All keys are prefixed with orleans. This prefix is hardcoded in the provider and intended to avoid keyspace collisions with other Consul users. Retrieve additional information for each key by appending its name (without quotes) to the Consul KV root at http://localhost:8500/v1/kv/. Doing so presents the following JSON:

[
    {
        "LockIndex": 0,
        "Key": "orleans/default/192.168.1.11:11111@43165319",
        "Flags": 0,
        "Value": "[BASE64 UTF8 Encoded String]",
        "CreateIndex": 321,
        "ModifyIndex": 322
    }
]

Decoding the Base64 UTF-8 encoded string Value provides the actual Orleans membership data:

http://localhost:8500/v1/KV/orleans/default/[SiloAddress]

{
    "Hostname": "[YOUR_MACHINE_NAME]",
    "ProxyPort": 30000,
    "StartTime": "2023-05-15T14:22:00.004977Z",
    "Status": 3,
    "SiloName": "Silo_fcad0",
    "SuspectingSilos": []
}

http://localhost:8500/v1/KV/orleans/default/[SiloAddress]/IAmAlive

"2023-05-15T14:27:01.1832828Z"

When clients connect, they read the KVs for all silos in the cluster in one HTTP GET request using the URI http://localhost:8500/v1/KV/orleans/default/?recurse.

Limitations

Be aware of a few limitations when using Consul as a membership provider.

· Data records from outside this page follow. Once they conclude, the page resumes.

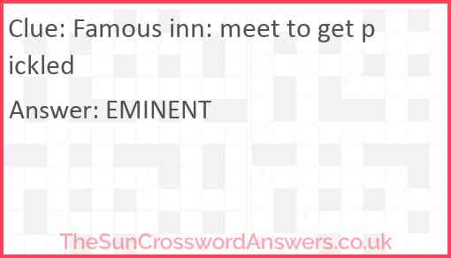 Famous inn: meet to get pickled is a crossword clue for which we have 1 possible answer and we have spotted 2 times in our database. This crossword clue was last seen on 12 August 2023 in The Sun Cryptic Crossword puzzle!
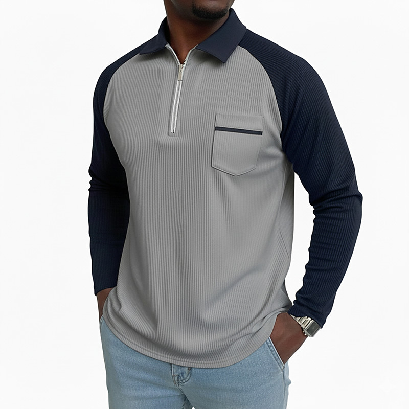 Men's Polo Shirts Quarter Zip Polo Vacation Street Quarter Zip Long Sleeve Fashion Basic Stripes Pocket Spring Fall Regular Fit Light Blue Black Navy Blue Dark Green Khaki Gray Polo Shirts
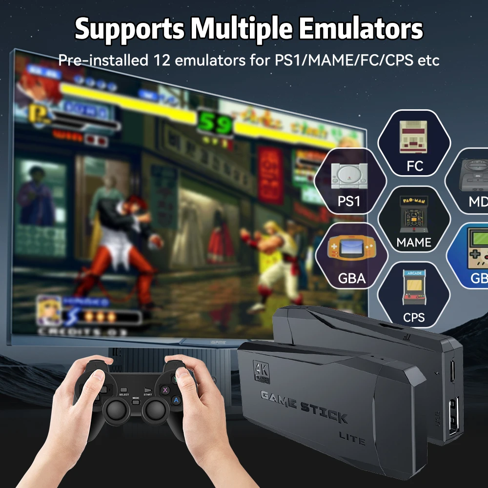 The M8 game stick is pre-installed with 12 emulators such as PS1/MAME/FC/CPS and a rich collection of games. Come and experience the fun of gaming!
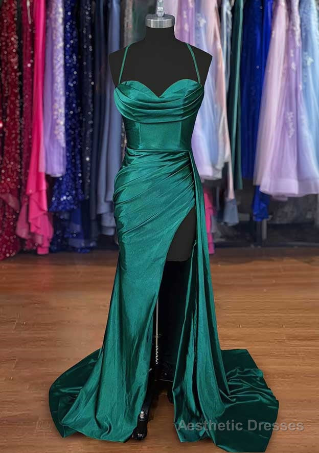 A-line Sweetheart Spaghetti Straps Sweep Train Silk like Satin Ruched Prom Dress- Prom Dresses
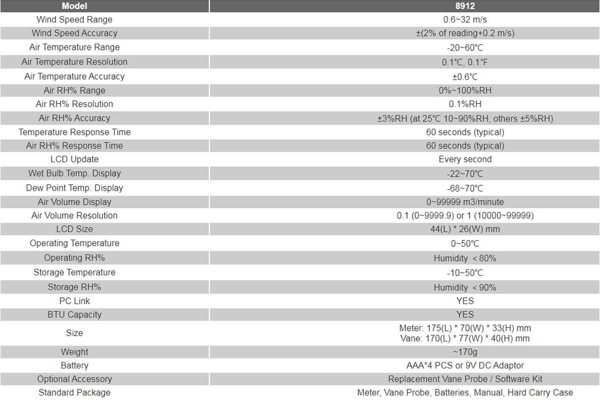 The 8912 AZ Anemometer is the best choice as the wind speed monitoring device in HVAC (Heating, Ventilation, Air Conditioning and Refrigerating) or industrial related application.
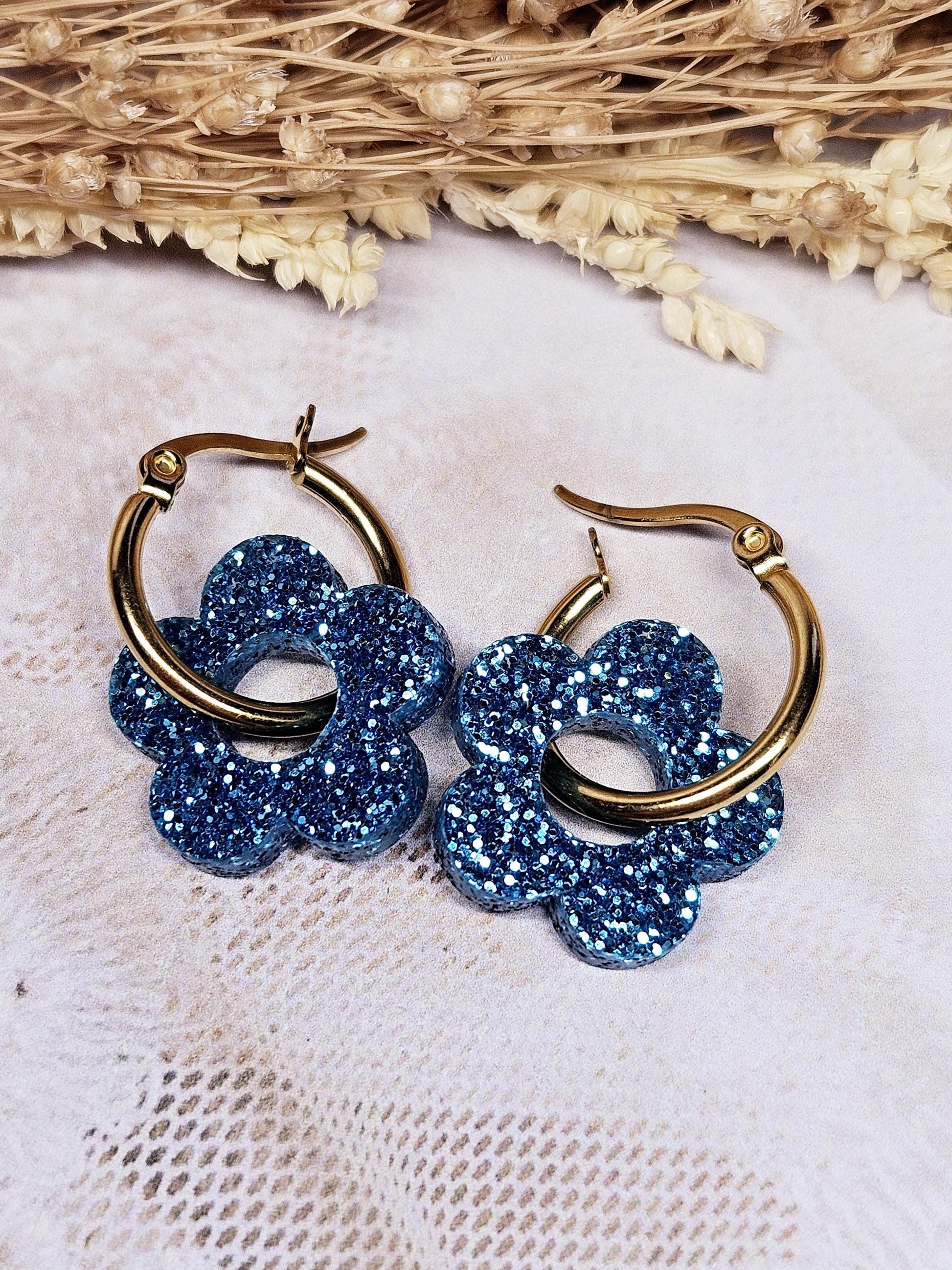Boucles oreilles ZELIE interchangeables fleur PAMPILLE / créole femme en Acier Inoxydable - bleu paillette
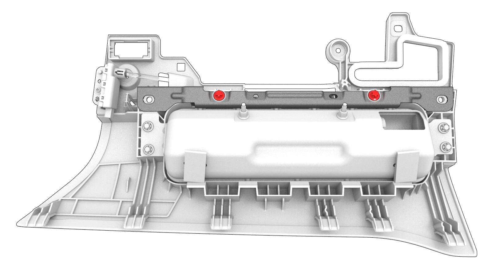 | Boulons qui fixent le coussin gonflable pour genoux du conducteur au couvercle |

Orleans extended membership protocol (table version and ETag)

Consul KV currently doesn't support atomic updates. Therefore, the Orleans Consul Membership Provider only implements the Orleans basic membership protocol, as described in Cluster management in Orleans. It doesn't support the Extended Membership Protocol. This Extended protocol was introduced as an extra, though not essential, silo connectivity validation and as a foundation for functionality not yet implemented.

Multiple datacenters

Key-value pairs in Consul aren't currently replicated between Consul data centers. A separate project exists to address this replication effort, but it hasn't yet been proven to support Orleans.

When running on Windows

When Consul starts on Windows, it logs the following message:

==> WARNING: Windows is not recommended as a Consul server. Do not use in production.

This warning message appears due to a lack of focus on testing when running in a Windows environment, not because of any actual known issues. Read the discussion before deciding if Consul is the right choice.

Potential future enhancements

  1. Prove the Consul KV replication project can support an Orleans cluster in a WAN environment between multiple Consul data centers.
  2. Implement the Reminder Table in Consul.
  3. Implement the Extended Membership Protocol. The team behind Consul plans to implement atomic operations. Once this functionality is available, removing the limitations in the provider might be possible.